TOP ABSTRACT INTRODUCTION MATERIALS AND METHODS RESULTS DISCUSSION REFERENCES

 
The presence of large genomic inserts in yeast artificial chromosomes (YACs), bacterial artificial chromosomes (BACs) and P1-derived artificial chromosomes (PACs) have made them the ideal choice in genomics and as tools in understanding gene structure and expression. The high level of chimerism and the difficulty of handling YACs has led many investigators to favor BACs and PACs, which are stable over generations and are easy to prepare in large quantities. Several methodologies have been developed to make precise mutations to PACs and BACs, such as single base pair substitutions, deletions and additions, while others were used to knockout specific genes (1–5). Some of these procedures are limited because they require counter-selections that are not very efficient, such as chlortetracycline and fusaric acid, while others are restricted by toxic selection/counter-selection markers (sacB/ccdB). Recently, a method using ET-cloning was described, which requires the BAC to exist in phage resistant cells; however, there are reports suggesting toxicity of the constitutively expressed gam gene (6).

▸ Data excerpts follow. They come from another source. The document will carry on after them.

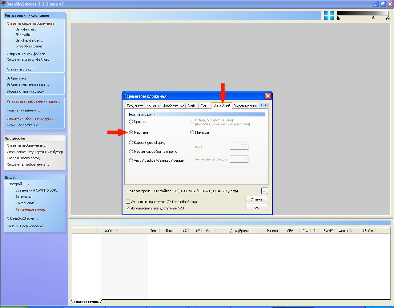 Следующая вкладка Bias/Offset или файл смещения (последние из калибровочных). Применеие bias/offset-файлов позволит убрать с каждого кадра изображения шум считывания матрицы. Рекомендуется при обработке использовать несколько десятков одиночных bias/offset-файлов, которые программа сложит в один так называемый MasterOffset, который и будет использоваться для коррекции каждого файла изображения. Для сложения bias/offset-файлов могут использоваться режимы аналогичные режимам сложения кадров изображения. Наилучшие результаты, из моего опыта, получаются при использовании режима Медиана, хотя Вы можете поэкспериментировать и с другими режимами.  Просмотров: 9729
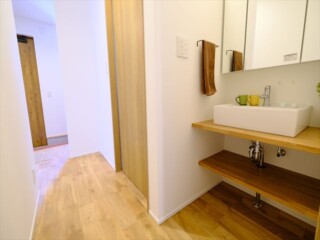 本日は、玄関から続く同線計画バッチリの造作洗面台です。
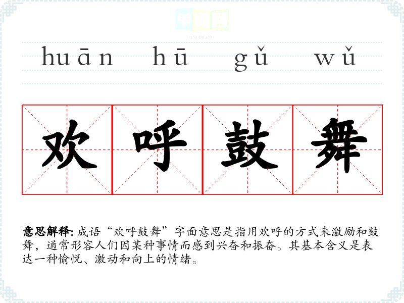 成语“欢呼鼓舞”字面意思是指用欢呼的方式来激励和鼓舞,通常形容人们因某种事情而感到兴奋和振奋。其基本含义是表达一种愉悦、激动和向上的情绪。
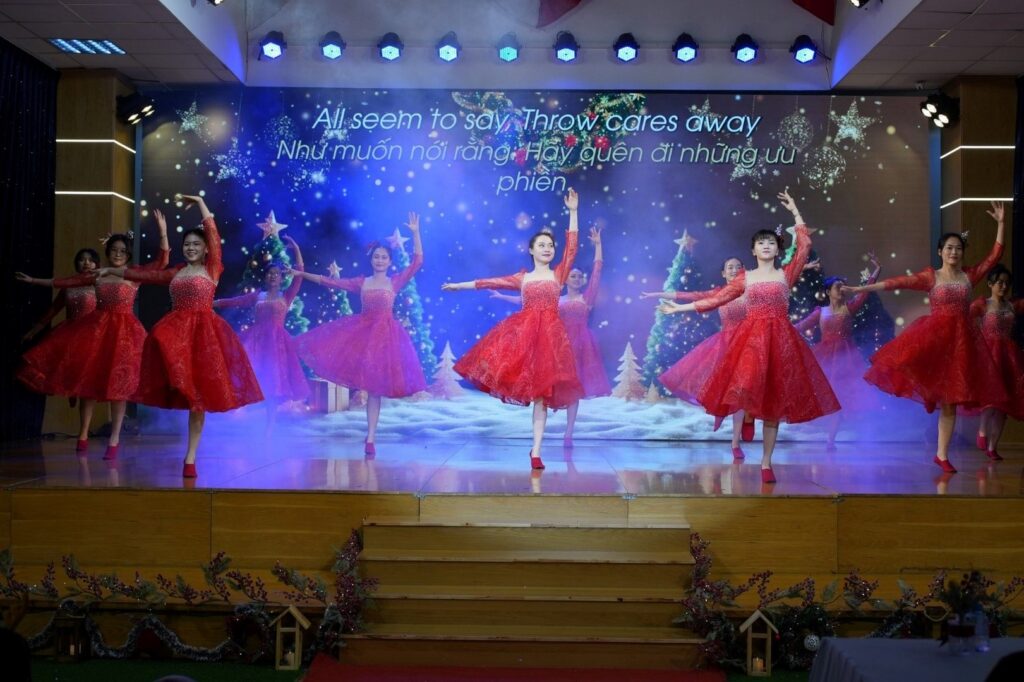 Nhộn nhịp cùng tiết mục trình diễn hát – nhảy “Chúa yêu trần thế đã xuống thế trần”, sự kết hợp giọng hát vui tươi của các thầy cô tổ Âm nhạc cùng các động tác nhảy đáng yêu của các em học sinh đã khiến tiết mục trở thành một điểm ấn tượng cho đêm nghệ thuật Giáng sinh ấm áp.
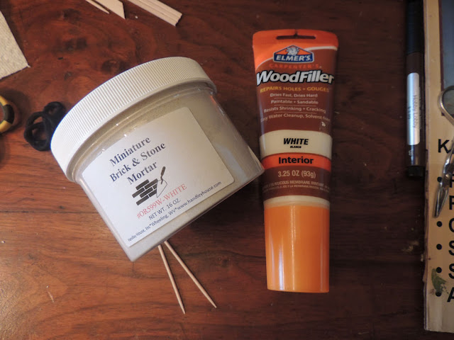 For mortar, I'll be using Elmers Wood filler AND a mixture made especially for the purpose.I don't like the stark white and therefore, I think I'll mix in a bit of brown acrylic paint to give the mortar an old look.
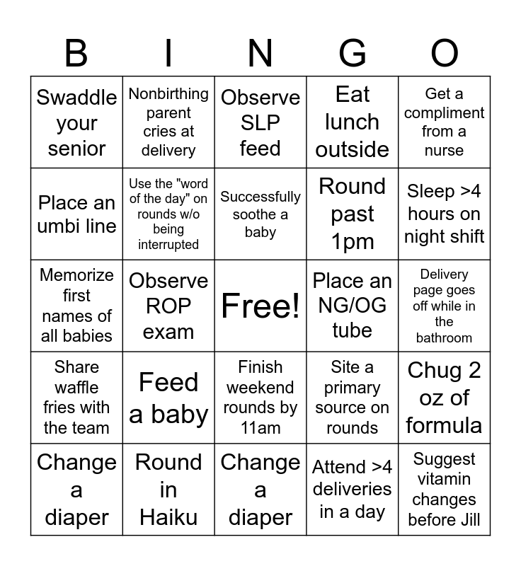 This bingo card has a free space and 24 words: Feed a baby, Round in Haiku, Successfully soothe a baby, Change a diaper, Get a compliment from a nurse, Swaddle your senior, Place an umbi line, Nonbirthing parent cries at delivery, Place an NG/OG tube, Finish weekend rounds by 11am, Round past 1pm, Memorize first names of all babies, Site a primary source on rounds, Chug 2 oz of formula, Use the "word of the day" on rounds w/o being interrupted, Attend >4 deliveries in a day, Delivery page goes off while in the bathroom, Observe SLP feed, Sleep >4 hours on night shift, Observe ROP exam, Suggest vitamin changes before Jill, Share waffle fries with the team, Eat lunch outside and Change a diaper.

We have extended the utility of a method involving the use of appropriately placed Chi-sites to enhance recombination several-fold (7,8). In this method, inclusion of the kanamycin (KAN) resistance gene in between the two homology regions facilitated selection of homologous recombinants by using KAN + chloramphenicol (CAM) double selection. A major limitation of this method is that it leaves the antibiotic resistance gene in the DNA at the site of recombination. This can be a serious drawback if one wishes to make a deletion that leaves a minimal footprint (i.e. deletion of a putative regulatory element in the 5'-flanking region of a gene). We have devised a strategy to delete the antibiotic marker leaving only a Lox511 site as the footprint. In developing this strategy we recognized that PAC (pAd10sacBII) and BAC (pBeloBAC) vectors have a LoxP site in the vector backbone and thus recombination with a LoxP site within the gene of interest (i.e. floxed antibiotic resistance gene) would cause large deletions of vector and insert DNA, which would be useless. Therefore, the strategy is founded on the observation that recombination between heterotropic LoxP sites (LoxP versus Lox511) is extremely low, whereas recombination between homotropic Lox511 sites occurs very efficiently in the presence of Cre-recombinase (9,10). By placing the variant Lox511 sites on either side of the selection marker, we could specifically delete the marker by simply passaging the modified PAC or BAC clone through an Escherichia coli strain expressing Cre-recombinase constitutively. There are several advantages of this method including the availability of a wide range of cloning sites, 100% efficiency of Cre-mediated deletion and the suitability for both PACs and BACs.

	MATERIALS AND METHODS

TOP ABSTRACT INTRODUCTION MATERIALS AND METHODS RESULTS DISCUSSION REFERENCES

 
Generation of the targeting construct
To construct a recombination cassette in pBluescript plasmid, roughly equally sized fragments that were homologous to DNA upstream (A) and downstream (B) of the putative renin gene enhancer were cloned by PCR. A 30 bp multiple cloning site (consisting of EcoRI–PstI–SmaI–BamHI–SpeI–XbaI) was placed between homology A and homology B. An 1.1 kb recombination cassette was ligated into the SalI site of pRM4-N (containing appropriately placed Chi-sites) to generate the plasmid pPS (Fig. 1A) (7). In addition, we also constructed a Lox511–CAM–Lox511 recombination cassette in pCR2.1 to generate the plasmid pCAMLOX (Fig. 1B). This vector provides the Lox511 ‘floxed’ CAM resistance gene. The following primers (Lox511 sites underlined) were used to amplify the 860 bp CAM^R gene: primer Nhe3-F, 5'-TAGAGCTAGCATAACTTCGTATAATGTATACTATACGAAGT-TATGTTGATACCGGGAAGCCCTGGGCCA-3' and primer Nhe3-R, 5'-GATAGCTAGCATAACTTCGTATAGTATACATTATACGAAGTTATAGGCGTAGCAACCAGGCGTTT-AAGGGC-3'. The Lox511 sequence was chosen based on the sequence of Hoess et al. (9). A mutation in the Lox511 site, described by Bethke and Sauer (10), which changes the terminal T to G and was recombinationally neutral was not used. The PCR conditions were: initial denaturation cycle at 94°C for 2 min followed by 35 cycles of denaturation at 94°C for 30 s, annealing at 62°C for 30 s, and extension at 68°C for 90 s. Next, a 935 bp NheI–Lox511–CAM^R–Lox511–NheI fragment was cut out and ligated into the SpeI site between homology A and homology B, to give pCLPS, the final targeting construct (Fig. 1C). All restriction sites were engineered to be at the ends of the appropriate PCR primers.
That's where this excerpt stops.